Hello. Thank you for the great site. I read it weekly.
I have a question(s), which I guess has a developing meaning for what HIV specialists are using today.
I have been pos for about 2 years and been taking viramune/truvada with undet VL and CD count always at 450 that long.
I understand that I am "treatment naive" at the beginning. When does a patient become treatment experienced and what does that mean exactly. Does that imply that treatment experienced are resistant to a class or specific drug, or just had a history of taking haart?
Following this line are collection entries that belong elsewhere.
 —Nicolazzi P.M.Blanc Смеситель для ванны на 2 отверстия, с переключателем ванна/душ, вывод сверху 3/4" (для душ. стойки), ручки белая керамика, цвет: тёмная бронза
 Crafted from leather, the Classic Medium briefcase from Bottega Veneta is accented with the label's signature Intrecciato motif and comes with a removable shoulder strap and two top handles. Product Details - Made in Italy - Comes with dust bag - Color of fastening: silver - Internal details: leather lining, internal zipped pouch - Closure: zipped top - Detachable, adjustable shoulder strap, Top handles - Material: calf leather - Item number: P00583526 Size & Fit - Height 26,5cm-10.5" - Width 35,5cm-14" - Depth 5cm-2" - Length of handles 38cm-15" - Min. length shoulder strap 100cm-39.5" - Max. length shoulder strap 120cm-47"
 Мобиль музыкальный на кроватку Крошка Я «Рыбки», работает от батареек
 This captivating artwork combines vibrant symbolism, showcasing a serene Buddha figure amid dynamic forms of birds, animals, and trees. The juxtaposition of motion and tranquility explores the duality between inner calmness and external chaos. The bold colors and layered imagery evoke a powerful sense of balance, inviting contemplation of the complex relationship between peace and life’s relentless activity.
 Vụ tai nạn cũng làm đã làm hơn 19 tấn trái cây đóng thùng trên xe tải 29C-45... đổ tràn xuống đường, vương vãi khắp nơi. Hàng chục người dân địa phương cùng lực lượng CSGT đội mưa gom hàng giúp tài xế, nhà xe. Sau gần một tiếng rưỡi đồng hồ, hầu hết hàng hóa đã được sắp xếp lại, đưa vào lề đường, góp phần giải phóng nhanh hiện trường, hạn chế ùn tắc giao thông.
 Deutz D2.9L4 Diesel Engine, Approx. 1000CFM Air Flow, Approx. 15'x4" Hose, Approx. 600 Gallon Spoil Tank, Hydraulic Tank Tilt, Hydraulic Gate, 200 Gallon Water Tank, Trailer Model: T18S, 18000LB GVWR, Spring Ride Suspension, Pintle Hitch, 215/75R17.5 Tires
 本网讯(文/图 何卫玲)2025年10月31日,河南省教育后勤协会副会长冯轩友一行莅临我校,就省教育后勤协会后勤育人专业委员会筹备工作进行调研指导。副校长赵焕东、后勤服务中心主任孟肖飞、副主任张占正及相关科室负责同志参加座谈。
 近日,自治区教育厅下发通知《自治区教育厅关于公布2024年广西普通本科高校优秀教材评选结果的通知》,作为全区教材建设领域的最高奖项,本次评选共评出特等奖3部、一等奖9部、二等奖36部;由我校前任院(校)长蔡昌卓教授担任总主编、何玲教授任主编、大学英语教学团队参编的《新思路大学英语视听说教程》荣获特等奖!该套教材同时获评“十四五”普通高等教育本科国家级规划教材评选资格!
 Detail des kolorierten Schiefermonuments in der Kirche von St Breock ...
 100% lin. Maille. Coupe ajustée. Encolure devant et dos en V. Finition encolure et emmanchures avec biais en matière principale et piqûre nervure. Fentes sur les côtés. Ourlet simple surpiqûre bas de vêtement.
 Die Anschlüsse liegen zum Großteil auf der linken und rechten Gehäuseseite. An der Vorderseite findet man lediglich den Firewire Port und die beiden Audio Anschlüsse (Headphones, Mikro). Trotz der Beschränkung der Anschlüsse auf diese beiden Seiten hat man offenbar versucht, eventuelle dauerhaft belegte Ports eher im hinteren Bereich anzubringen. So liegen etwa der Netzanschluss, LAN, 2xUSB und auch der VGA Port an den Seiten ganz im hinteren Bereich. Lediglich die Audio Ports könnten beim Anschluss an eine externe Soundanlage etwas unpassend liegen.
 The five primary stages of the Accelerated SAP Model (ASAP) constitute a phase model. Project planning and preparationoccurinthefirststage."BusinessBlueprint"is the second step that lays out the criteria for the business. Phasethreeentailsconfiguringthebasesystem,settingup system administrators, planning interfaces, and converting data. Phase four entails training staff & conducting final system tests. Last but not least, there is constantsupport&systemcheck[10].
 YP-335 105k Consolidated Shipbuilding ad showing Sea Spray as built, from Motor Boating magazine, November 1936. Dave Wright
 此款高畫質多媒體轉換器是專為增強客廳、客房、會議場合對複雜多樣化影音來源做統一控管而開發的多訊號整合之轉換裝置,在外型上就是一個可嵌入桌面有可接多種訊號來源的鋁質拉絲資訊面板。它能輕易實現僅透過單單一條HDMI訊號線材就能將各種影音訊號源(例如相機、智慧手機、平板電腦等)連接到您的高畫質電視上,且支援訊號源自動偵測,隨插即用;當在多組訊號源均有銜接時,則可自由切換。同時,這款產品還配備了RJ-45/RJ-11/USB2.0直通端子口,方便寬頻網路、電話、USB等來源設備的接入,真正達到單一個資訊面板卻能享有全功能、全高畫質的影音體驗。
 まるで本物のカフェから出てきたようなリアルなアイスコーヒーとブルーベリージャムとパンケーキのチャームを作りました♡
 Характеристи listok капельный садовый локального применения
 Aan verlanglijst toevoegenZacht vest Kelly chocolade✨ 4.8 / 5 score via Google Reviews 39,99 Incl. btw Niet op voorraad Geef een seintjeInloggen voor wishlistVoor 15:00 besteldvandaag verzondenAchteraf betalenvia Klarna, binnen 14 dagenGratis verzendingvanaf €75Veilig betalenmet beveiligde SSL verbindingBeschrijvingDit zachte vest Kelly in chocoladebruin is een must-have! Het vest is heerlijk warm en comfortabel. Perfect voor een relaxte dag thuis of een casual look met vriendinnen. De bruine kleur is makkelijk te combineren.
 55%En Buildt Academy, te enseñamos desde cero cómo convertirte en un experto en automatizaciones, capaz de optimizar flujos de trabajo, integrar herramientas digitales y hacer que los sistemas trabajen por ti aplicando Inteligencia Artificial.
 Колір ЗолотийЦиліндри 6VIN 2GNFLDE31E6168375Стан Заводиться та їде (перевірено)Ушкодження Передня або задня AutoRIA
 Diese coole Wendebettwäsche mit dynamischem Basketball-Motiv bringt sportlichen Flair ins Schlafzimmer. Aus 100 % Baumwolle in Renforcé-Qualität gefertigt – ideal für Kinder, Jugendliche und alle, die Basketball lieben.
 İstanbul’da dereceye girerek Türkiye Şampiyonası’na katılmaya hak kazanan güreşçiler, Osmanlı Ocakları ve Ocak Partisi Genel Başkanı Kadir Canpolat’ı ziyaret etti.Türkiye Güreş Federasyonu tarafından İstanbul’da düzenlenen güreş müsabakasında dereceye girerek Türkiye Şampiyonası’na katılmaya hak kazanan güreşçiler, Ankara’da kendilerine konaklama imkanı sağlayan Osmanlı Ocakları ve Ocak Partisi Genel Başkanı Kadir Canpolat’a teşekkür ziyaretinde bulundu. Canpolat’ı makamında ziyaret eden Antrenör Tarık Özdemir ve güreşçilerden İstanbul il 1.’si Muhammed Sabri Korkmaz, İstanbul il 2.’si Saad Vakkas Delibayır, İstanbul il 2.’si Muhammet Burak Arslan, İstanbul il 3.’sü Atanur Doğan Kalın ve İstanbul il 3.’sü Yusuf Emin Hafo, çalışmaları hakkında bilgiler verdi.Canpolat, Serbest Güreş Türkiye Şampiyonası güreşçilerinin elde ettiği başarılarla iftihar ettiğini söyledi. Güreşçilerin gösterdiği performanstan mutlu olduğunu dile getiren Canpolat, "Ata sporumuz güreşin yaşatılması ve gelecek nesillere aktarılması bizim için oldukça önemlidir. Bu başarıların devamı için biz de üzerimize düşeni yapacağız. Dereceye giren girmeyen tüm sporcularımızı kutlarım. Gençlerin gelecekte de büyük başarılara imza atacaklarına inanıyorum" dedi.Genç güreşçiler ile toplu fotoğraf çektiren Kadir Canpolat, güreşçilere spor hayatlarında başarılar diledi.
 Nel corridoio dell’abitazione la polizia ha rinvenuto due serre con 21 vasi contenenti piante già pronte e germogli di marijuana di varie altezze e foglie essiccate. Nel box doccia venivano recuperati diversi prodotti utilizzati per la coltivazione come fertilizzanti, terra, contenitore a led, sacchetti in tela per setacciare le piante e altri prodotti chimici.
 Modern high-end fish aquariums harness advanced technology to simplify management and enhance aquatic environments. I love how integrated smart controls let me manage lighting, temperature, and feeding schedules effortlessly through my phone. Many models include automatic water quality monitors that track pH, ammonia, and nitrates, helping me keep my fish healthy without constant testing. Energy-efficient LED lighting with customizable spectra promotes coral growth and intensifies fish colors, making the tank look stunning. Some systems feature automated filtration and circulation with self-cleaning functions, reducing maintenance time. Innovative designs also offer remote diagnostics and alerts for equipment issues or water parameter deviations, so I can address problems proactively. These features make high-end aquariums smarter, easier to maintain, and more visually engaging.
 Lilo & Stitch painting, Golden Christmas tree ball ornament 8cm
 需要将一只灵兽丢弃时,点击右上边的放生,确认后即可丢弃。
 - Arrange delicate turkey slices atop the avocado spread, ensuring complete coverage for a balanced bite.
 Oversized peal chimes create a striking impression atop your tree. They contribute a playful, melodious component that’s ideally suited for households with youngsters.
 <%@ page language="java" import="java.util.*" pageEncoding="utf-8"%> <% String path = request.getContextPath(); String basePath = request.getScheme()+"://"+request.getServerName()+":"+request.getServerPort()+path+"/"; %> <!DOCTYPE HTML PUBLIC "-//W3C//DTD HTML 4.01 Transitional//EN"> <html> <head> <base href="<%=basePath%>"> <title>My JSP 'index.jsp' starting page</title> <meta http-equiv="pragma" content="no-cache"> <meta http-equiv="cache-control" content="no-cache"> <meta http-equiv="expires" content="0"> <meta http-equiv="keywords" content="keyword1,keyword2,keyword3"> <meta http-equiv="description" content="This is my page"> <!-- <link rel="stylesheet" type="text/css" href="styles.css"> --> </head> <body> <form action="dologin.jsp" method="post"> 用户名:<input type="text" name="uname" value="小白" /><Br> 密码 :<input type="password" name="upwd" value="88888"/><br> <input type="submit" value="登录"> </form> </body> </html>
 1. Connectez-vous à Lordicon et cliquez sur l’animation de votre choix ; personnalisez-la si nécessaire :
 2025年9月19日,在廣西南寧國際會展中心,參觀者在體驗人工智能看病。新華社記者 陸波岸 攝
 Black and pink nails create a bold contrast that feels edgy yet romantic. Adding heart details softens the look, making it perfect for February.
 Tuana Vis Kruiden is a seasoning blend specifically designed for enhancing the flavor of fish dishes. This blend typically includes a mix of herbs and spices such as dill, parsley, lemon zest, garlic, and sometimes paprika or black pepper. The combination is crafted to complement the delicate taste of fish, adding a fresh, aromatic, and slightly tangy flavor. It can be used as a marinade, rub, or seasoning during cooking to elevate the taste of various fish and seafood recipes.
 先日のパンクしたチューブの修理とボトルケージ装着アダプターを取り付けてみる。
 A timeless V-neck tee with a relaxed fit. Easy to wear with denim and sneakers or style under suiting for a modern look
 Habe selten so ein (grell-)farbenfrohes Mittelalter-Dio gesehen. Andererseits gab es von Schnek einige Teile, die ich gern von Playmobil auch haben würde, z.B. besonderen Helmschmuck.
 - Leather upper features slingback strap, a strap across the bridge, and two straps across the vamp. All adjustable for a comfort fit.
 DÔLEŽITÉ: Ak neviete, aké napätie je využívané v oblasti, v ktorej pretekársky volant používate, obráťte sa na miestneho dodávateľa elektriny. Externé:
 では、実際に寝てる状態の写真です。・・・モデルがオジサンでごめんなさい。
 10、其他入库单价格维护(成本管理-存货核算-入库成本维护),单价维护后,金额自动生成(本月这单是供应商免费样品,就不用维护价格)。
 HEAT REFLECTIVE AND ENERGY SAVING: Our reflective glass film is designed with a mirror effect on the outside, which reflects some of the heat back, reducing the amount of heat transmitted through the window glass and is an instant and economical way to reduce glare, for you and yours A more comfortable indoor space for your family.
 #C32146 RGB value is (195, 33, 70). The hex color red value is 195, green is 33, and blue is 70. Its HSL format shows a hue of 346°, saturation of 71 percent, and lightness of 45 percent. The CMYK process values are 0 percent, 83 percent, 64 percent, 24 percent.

When would I become treatment experienced?
Why do some drugs that are once a day only prescribed for treatment naive patients (i.e. once a day kaletra trials) as opposed to treatment experienced (kaletra 2x a day).
"Are you experienced?" - Jimi Hendrix, 1967
If you are taking HIV meds, you, my friend, are "experienced" and not "naive". These are problematic terms in that they can connote meanings not intended such as "resistant" or being "immature".
Trust me, it is not bad to be treatment experienced. You have a great CD4 cell count and an eviable viral load thanks to your experience with HIV meds.
As to why some meds are dosed differently depending on prior treatment history, it has to do with risk of resistance being present. Treatment experienced patients who are starting a new regimen often do so after virologic failure of a prior regimen. Resistance mutations acquired earlier can reduce the effectiveness of a subsequent regimen and also reduce the 'forgiveness' of a regimen for less than optimal adherence or when levels are low as is sometimes seen before a dose of some drugs dosed once a day.
In such cases, having consistently high levels of the drug is desirable.